The bulk of this series is unchanged since last time, save for a couple
of typofixes on spots noticed by Peff and Patrick Steinhardt. More
importantly, it fixes hash_algo_by_ptr() when passing the unsafe SHA-1
variant.

There were a couple of other ideas floated around, but I don't think
they panned out as we had hoped in practice, so I think that this
version should be good to go.

The original cover letter is as follows:

------------

This series implements an idea discussed in [2] which suggests that we
introduce a way to access a wrapped version of a 'struct git_hash_algo'
which represents the unsafe variant of that algorithm, rather than
having individual unsafe_ functions (like unsafe_init_fn() versus
init_fn(), etc.).

This approach is relatively straightforward to implement, and removes a
significant deficiency in the original implementation of
unsafe/non-cryptographic hash functions by making it impossible to
switch between safe- and unsafe variants of hash functions.
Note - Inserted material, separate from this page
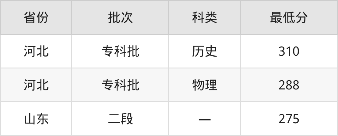 滨州科技职业学院智能网联汽车技术专业在全国各省最低录取分数线为275分(山东),除此之外,在其余地区的最低分为河北物理类288分,以上数据均为2025年数据,供2026年高考生参考。

It also
cleans up the sha1-unsafe test helper's implementation by removing a
large number of "if (unsafe)"-style conditionals.

The series is laid out as follows:

  * The first two patches prepare the hashfile API for the upcoming
    change:

      csum-file: store the hash algorithm as a struct field
      csum-file.c: extract algop from hashfile_checksum_valid()

  * The next patch implements the new 'unsafe_hash_algo()' function at
    the heart of this series' approach:

      hash.h: introduce `unsafe_hash_algo()`

  * The next two patches convert existing callers to use the new
    'unsafe_hash_algo()' function, instead of switching between safe and
    unsafe_ variants of individual functions:

      csum-file.c: use unsafe_hash_algo()
      t/helper/test-hash.c: use unsafe_hash_algo()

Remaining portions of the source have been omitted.